Last week as we began Black History Month, I shared many of these sentiments with my colleagues. As we press forward for our children, I wanted to share with any of you who are teaching, nurturing, and encountering black children every day.
This Black History Month is unlike any other. The last eight years, in particular, have been a study in paradox for Black communities. We’ve experienced the highs of a Black first family, the progress of Black women becoming the nation’s most educated group, and the blessing of a Black artistic and cultural renaissance that has propelled more Black, intersectional role models onto more screens, into more writing rooms, and behind more cameras.

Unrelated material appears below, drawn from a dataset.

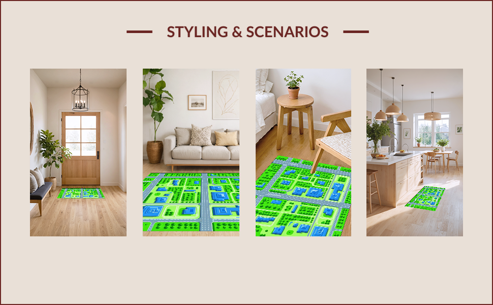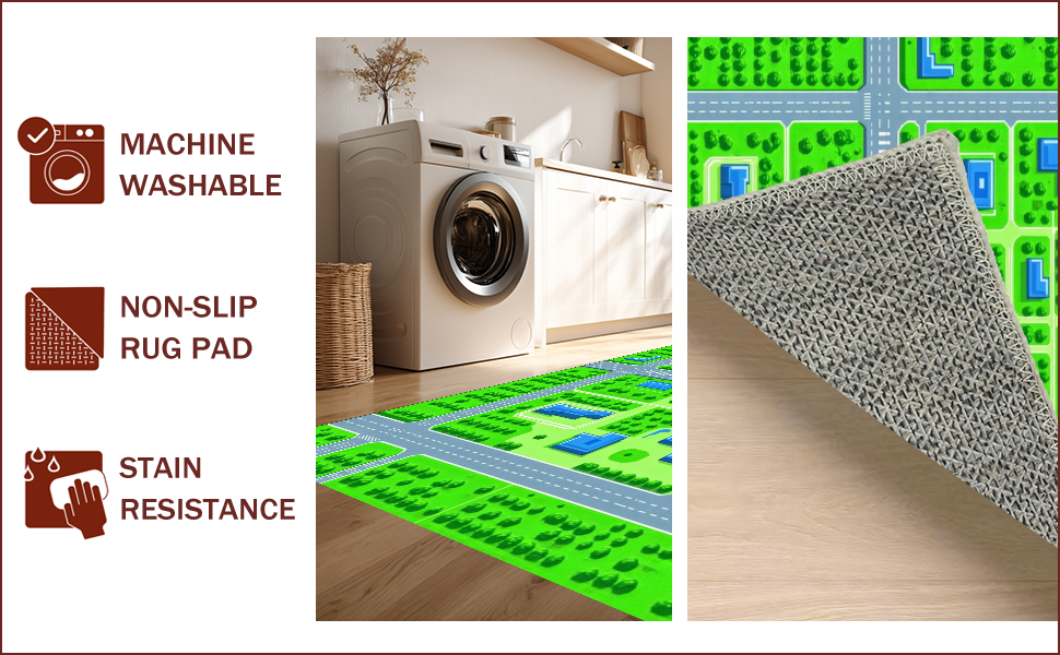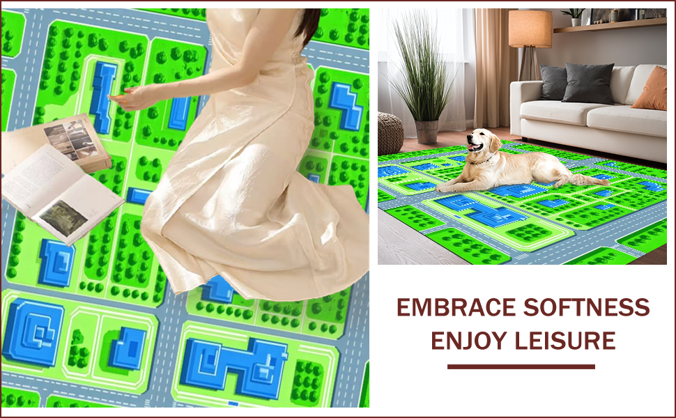 Ultra Soft Area Rug, Non Slip, Stain Resistant, Washable Area Rugs for Living Room, Bedroom, Vibrant Cityscape Adventure Theme(Green) Overview:

Simultaneously, we have continued to endure the fight of our lives, resurrecting a worldwide protest movement from Ferguson for our slain young people while we saw our repeated degradation on video, coming face-to-face with the cradle-to-school-to-prison pipeline , and witnessing what many in our community hold to be severe anti-Blackness intersecting with Islamophobia, homophobia, and anti-immigrant sentiments.

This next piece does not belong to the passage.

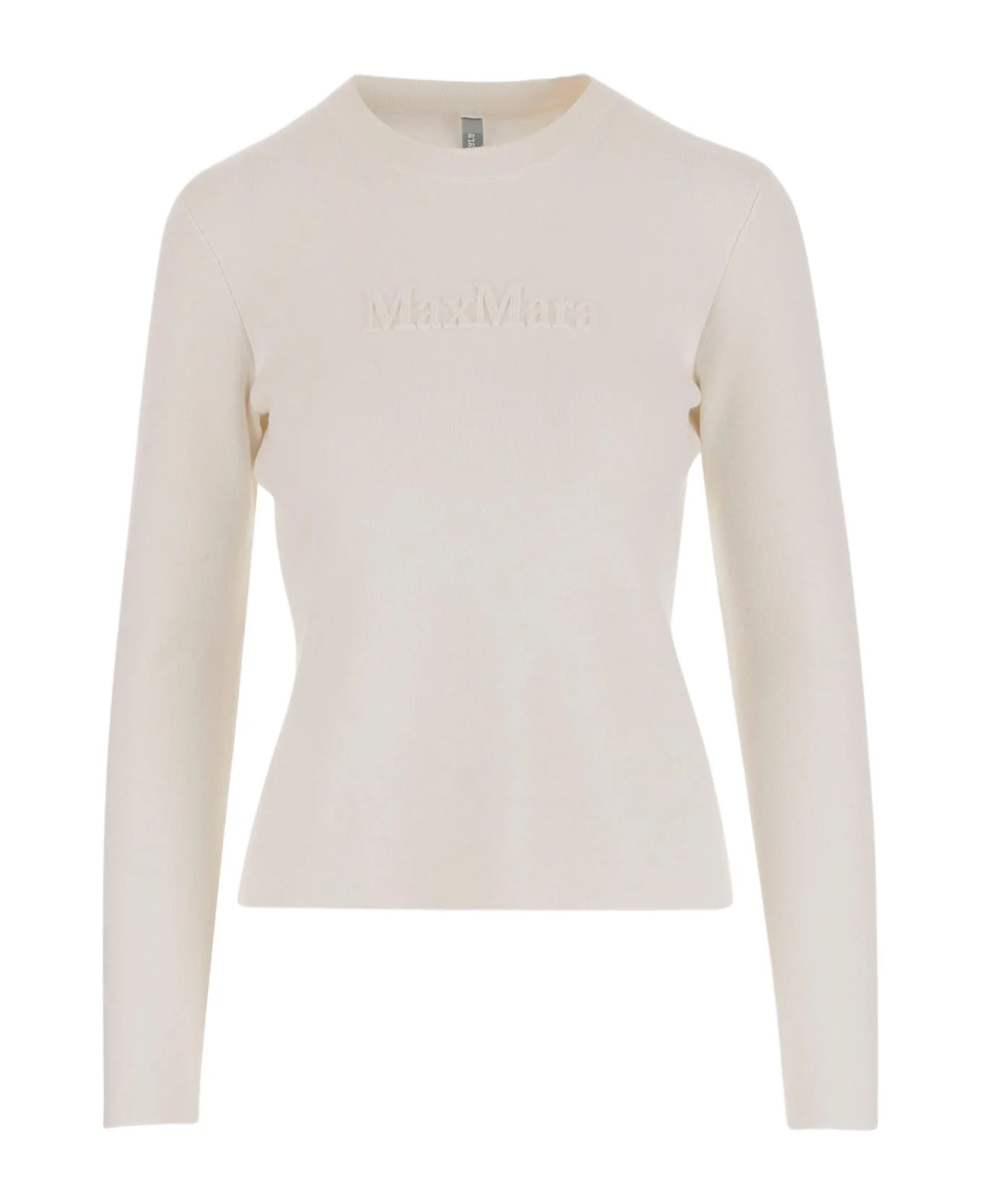 Sweater made of viscose blend Ribbed crew neck Long sleeves Logo embroidered on front Straight hem Ivory Made in Italy Composition: 43% viscose, 42% polyamide, 15% wool Made in: Italy Color: Ivory Size and fit: - The model is wearing size S. - Model measurements: - Height: 175 cm - Chest: 86.5 cm - Waist: 65 cm - Hips: 92 cm - Shoulder: 40 cm Model number: TICINO001

When the future looks bleakest, I think of Dr. King’s little-known words on the importance of love and power, combined as an unstoppable force to change the world:
“One of the greatest problems of history is that the concepts of love and power have usually been contrasted as polar opposites, so that love is identified with a resignation of power, and power with a denial of love. . . . What is needed is a realization that power without love is reckless and abusive, and that love without power is sentimental and anemic. Power at its best is love implementing the demands of justice, and justice at its best is power correcting everything that stands against love.”

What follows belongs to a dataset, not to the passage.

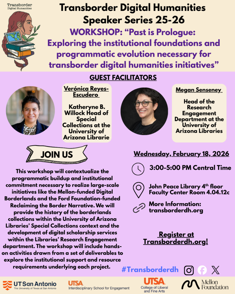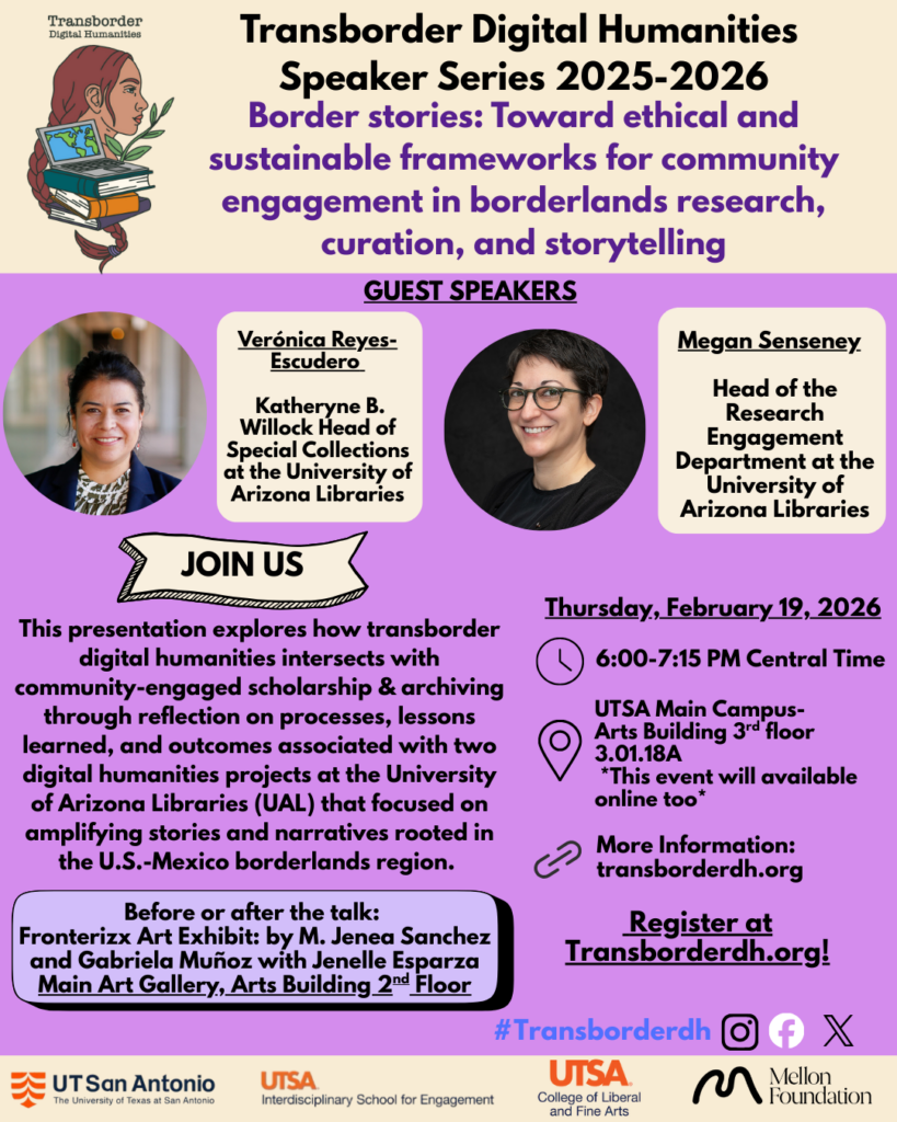 This presentation examines how transborder digital humanities intersects with community-engaged scholarship and archiving by reflecting on the processes, lessons learned, and outcomes of two digital humanities projects at the University of Arizona Libraries (UAL) focused on amplifying stories and narratives rooted in the U.S.–Mexico borderlands; it will be presented alongside Fronterizx: Art by M. Jenea Sanchez and Gabriela Muñoz with Jenelle Esparza at the UTSA Main Art Gallery, which foregrounds twenty-first-century, shared, and socially engaged art practices.

In order for the Black future to build triumphantly on the important gains of Black history—and for all of our children to have what they deserve—we must nourish the love Black children feel for themselves, and encourage them to seize the infinite power that is theirs. We know from years of involvement and the truths of our communities that marginalized children require a schooling experience that provides rigorous skill—and that grows their confidence and consciousness as well. Academic experiences that focus solely on rigor without affirming the youngest among us will ultimately be insufficient.
I’m proud to work for an organization that, in its constant evolution, has centered itself in culturally responsive pedagogy and culturally appropriate classroom management. At Teach For America, we haven’t always gotten it right—but we are always determined to do better.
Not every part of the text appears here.